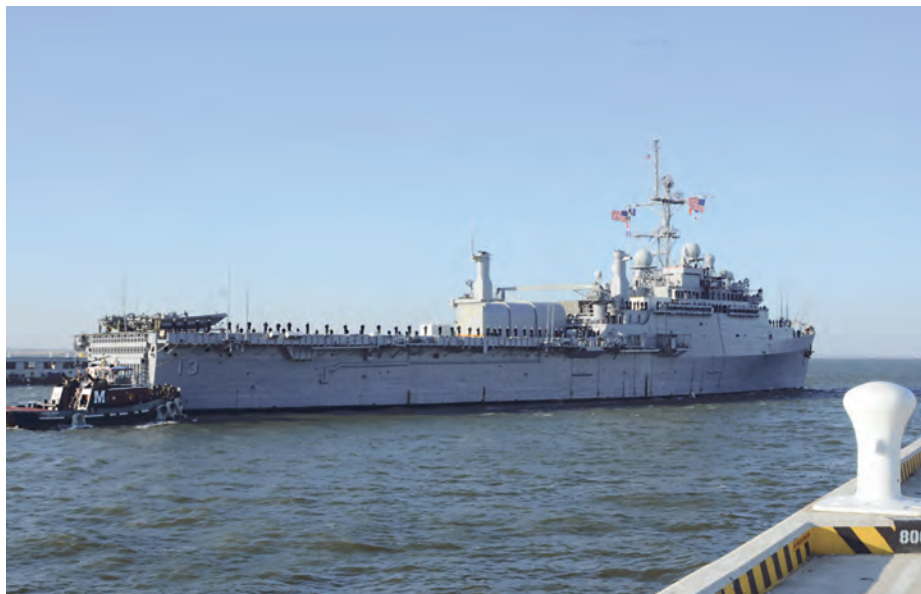
LPD Nashville .

En la recién concluida operación APS 09, llevada a cabo entre enero y junio del presente año, sólo se utilizó un buque, el LPD USS Nashville , con una dotación reforzada y un Estado Mayor Multinacional, para intentar alcanzar los objetivos iniciales mencionados. Éstos persiguen, en definitiva, un aumento de la credibilidad de los Estados Unidos en la zona y una mejora de la seguridad marítima de las costas de África occidental, todo ello con el concurso de otras agencias norteamericanas, organizaciones no gubernamentales y países aliados.
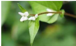
ミゾソバの変種 ヤマミゾソバ
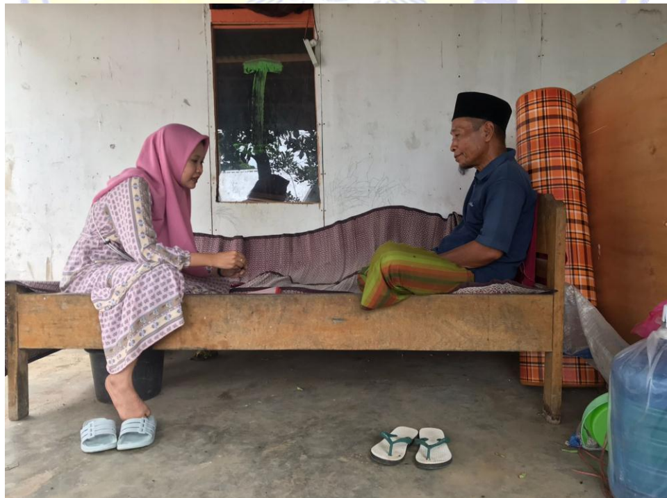
Dokumentasi wawancara bersama Relawan pemenangan Kecamatan Kayangan
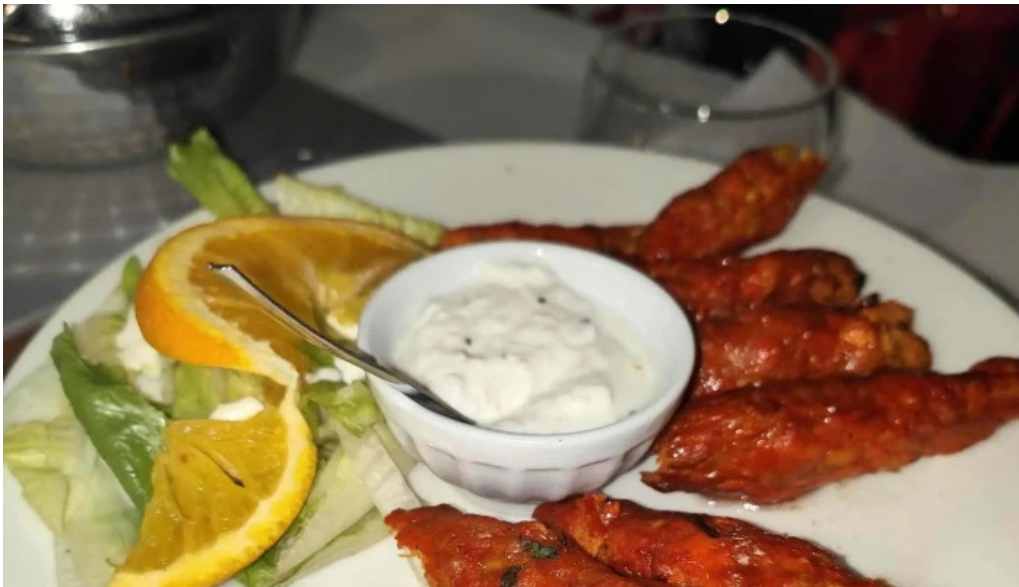
Annapurna 4 rodange bewaertung
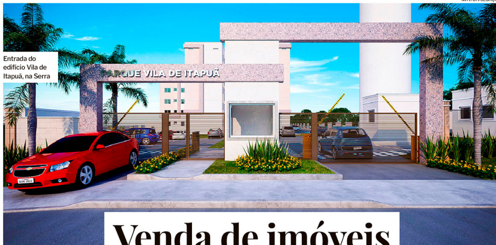
Entrada do edifício Vila de Itapuá, na Serra
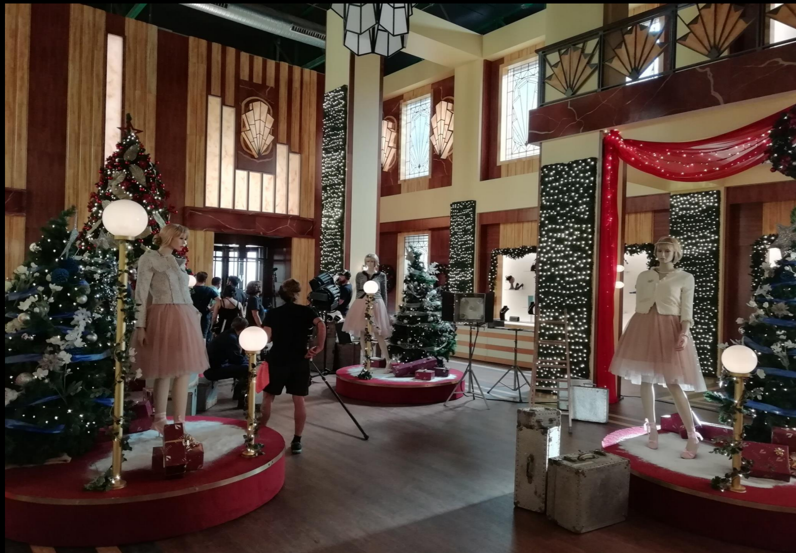
Fig. 01 - Interior Galerías Velvet - Foto fija
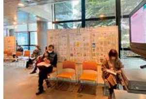
弘前市立観光館「確定申告会場」
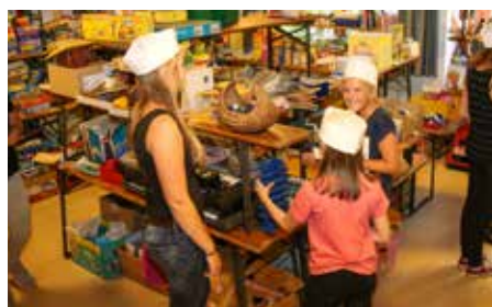
In der Spielzeugabteilung wird gehandelt
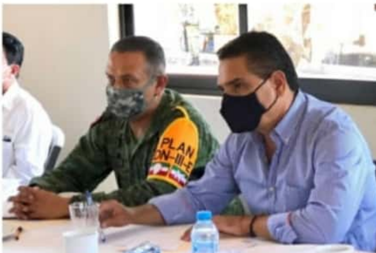
AGUILILLA, MICH.- Aureoles Conejo encabezó en este municipio la reunión con el Grupo de Inteligencia Operativa.

Participaron representantes de todas las fuerzas de seguridad, como son: la Secretaría de Seguridad Pública de Michoacán, la Fiscalía General del Estado, la Fiscalía General de la República, Sedena, Guardia Nacional y la Marina, así como la Secretaría de Gobierno de Michoacán.
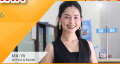
MAI YA Actress & Model

----

→ **Your instructions**
Transcribe the records above exactly, leaving every picture out of the copy.

→ **Solution for this problem**
LPD Nashville .

En la recién concluida operación APS 09, llevada a cabo entre enero y junio del presente año, sólo se utilizó un buque, el LPD USS Nashville , con una dotación reforzada y un Estado Mayor Multinacional, para intentar alcanzar los objetivos iniciales mencionados. Éstos persiguen, en definitiva, un aumento de la credibilidad de los Estados Unidos en la zona y una mejora de la seguridad marítima de las costas de África occidental, todo ello con el concurso de otras agencias norteamericanas, organizaciones no gubernamentales y países aliados.
ミゾソバの変種 ヤマミゾソバ
Dokumentasi wawancara bersama Relawan pemenangan Kecamatan Kayangan
Annapurna 4 rodange bewaertung
Entrada do edifício Vila de Itapuá, na Serra
Fig. 01 - Interior Galerías Velvet - Foto fija
弘前市立観光館「確定申告会場」
In der Spielzeugabteilung wird gehandelt
AGUILILLA, MICH.- Aureoles Conejo encabezó en este municipio la reunión con el Grupo de Inteligencia Operativa.

Participaron representantes de todas las fuerzas de seguridad, como son: la Secretaría de Seguridad Pública de Michoacán, la Fiscalía General del Estado, la Fiscalía General de la República, Sedena, Guardia Nacional y la Marina, así como la Secretaría de Gobierno de Michoacán.
MAI YA Actress & Model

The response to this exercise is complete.